幼稚園・こども園にて12年勤務。主にクラス担任と障害児保育を経験してきました。

特に障害児保育に関心を持ち、子どもの自己肯定感を高める関わり方を勉強しています。

小1・2歳の兄弟がおり現在は、ママ向けWebマガジンや保育メディアなどで記事執筆を行っています。

得意なことは、ダンス、歌遊び、読み聞かせ、リトミックです。

子どもが「勝敗がつく遊びを好まない」「負けると泣いたり怒ったりしてしまう」
そんなお悩みはありませんか?

子ども同士で勝敗がつく遊びが始まるとき、「負けたらまた泣いてしまうのでは」「怒り出さないといいな」と、ママは不安を抱えつつハラハラしながら見守ることが多いのではないでしょうか。

そんな不安を少しでも解決に近づけるために

・子どもが勝ち負けにこだわる原因
・勝ち負けにこだわる子どもへのおすすめ対応

を、保育現場での事例を挙げて解説しています。

ぜひ本記事をお読みいただき、ママの心が少しでも軽くなる方法を見つけてくださいね。

目次

1.勝ち負けにこだわる子どもが4歳・5歳に多いのはなぜ?

なぜ、勝ち負けにこだわる子どもは4歳・5歳児に多いのでしょうか。

それは、単純に勝敗を理解し始める3歳半頃と比べて、4〜5歳頃になると、より勝ち負けに対する理解が深まるから。

3歳半頃は勝ち負けをなんとなく理解しても、「負けてくやしい」気持ちは強く感じないことが多く、集団遊びと並行して自分の好きな遊びを選び、黙々と遊び込むことが多い時期です。

4〜5歳頃になると友だち関係がより広がるため、「一緒に遊びたい」の気持ちが育ち、自然と勝敗がつく遊びの経験が増えていきます。

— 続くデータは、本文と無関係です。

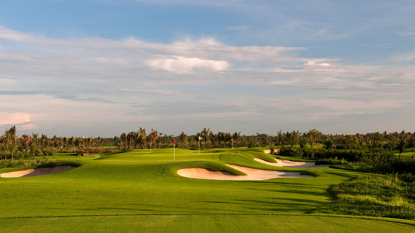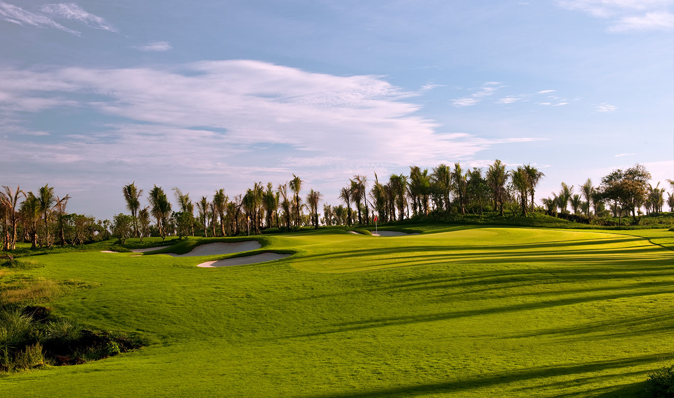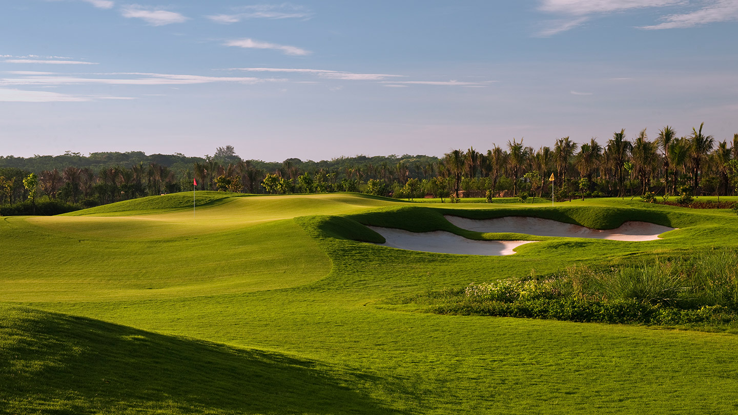 这18个3杆洞组成的球场集合了独特而清晰的风格特点,每个果岭设有两个洞杯。这样的果岭设计是为了提供两种选择:一个更简单、位置更容易估计,另一个则要困难得多。植物园式的园林风格给人一种很享受的布满各色树木和鲜花的氛围环境,与海口的蓝天和清新空气相得益彰。所有水平级别的球手都可以在这座球场找到适合他们的心情和技术的乐趣。家庭成员、初学者以及职业球手,都能够在此打球或练习,度过愉快美好的一天。
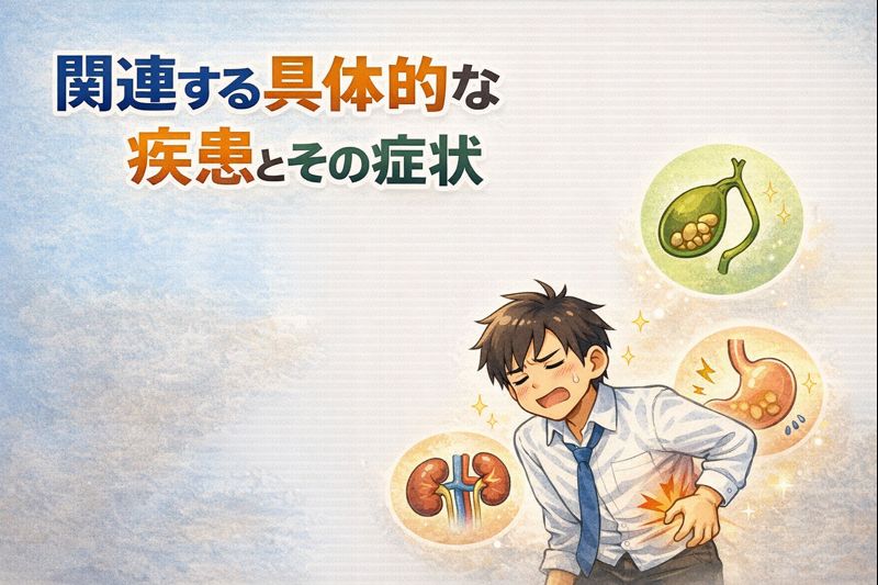 まず注目されるのが肝臓の疾患。たとえば「肝炎」や「肝臓がん」などは、右上腹部から背中にかけて痛みを感じることがあるそうです。さらに、なんとなく食欲が落ちたり、体がだるく感じるなど、はっきりしない不調が続くこともあるみたいですね。
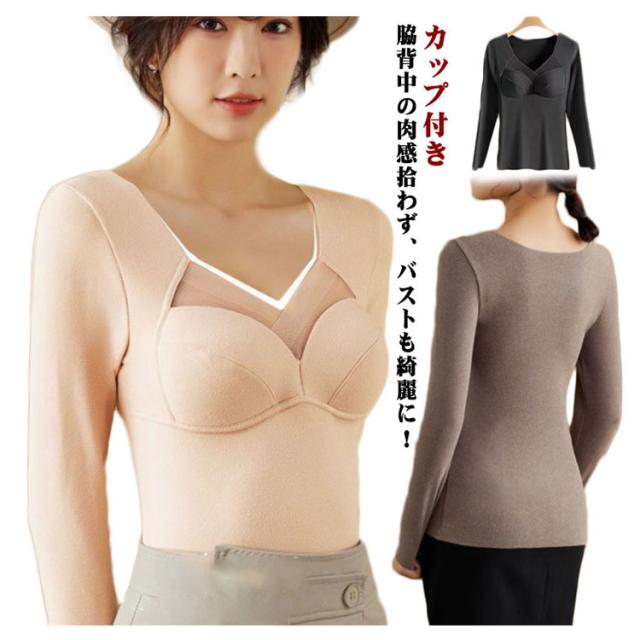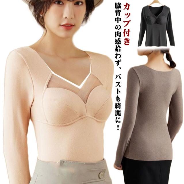 脇肉 ブラトップ ノンワイヤー 長袖 垂れ胸 カップ付き 脇高 カップ付きブラトップ 脇肉 オールインワンブラトップ 育乳ブラ 補正 補正 背肉 ブラジャー 補正下着 垂れ 全4色 大きいサイズ シンプル インナー 暖かい 軽量

数の知識が身につき「1番が嬉しい」ことを覚える時期でもありますね。

こうしたことから、遊びを通して「勝つと嬉しい」「負けるとくやしい」を味わい、勝ちたい気持ちがふくらむ4〜5歳頃に、勝ち負けへのこだわりが強くなることがわかります。

 

2.4歳・5歳の子どもが勝ち負けにこだわる原因

勝ち負けにこだわりがあるお子さんを持つママにとっては、こだわりの原因が気になりますよね。ここでは、考えられる原因を3つご紹介します。

 

2-1.性格的要素

勝ち負けへのこだわりで1番多い原因は「性格的要素」です。

元々負けず嫌いな子や、気持ちの切り替えが苦手な子、負けることへの不安が強い子など、生まれ持った性格が勝ち負けへのこだわりが強い原因となることが多くあります。

 

2-2.負けのイメージができない

勝敗がつく遊びは、どうしても「勝ち」へのイメージが強く頭に残りがちです。

実は、勝って嬉しい気持ちは予想できても、負けたらどうなるのかをイメージできない子が多くいます。これは、勝敗がつく遊びの経験を積み、負けることも体験していくことで改善する場合があります。

 

2-3.親が周りと比べる

「○○ちゃんはできるのにね」「お兄ちゃんお姉ちゃんは、もっと上手だったよ」など、無意識に子どもを誰かと比べてしまうことはありませんか?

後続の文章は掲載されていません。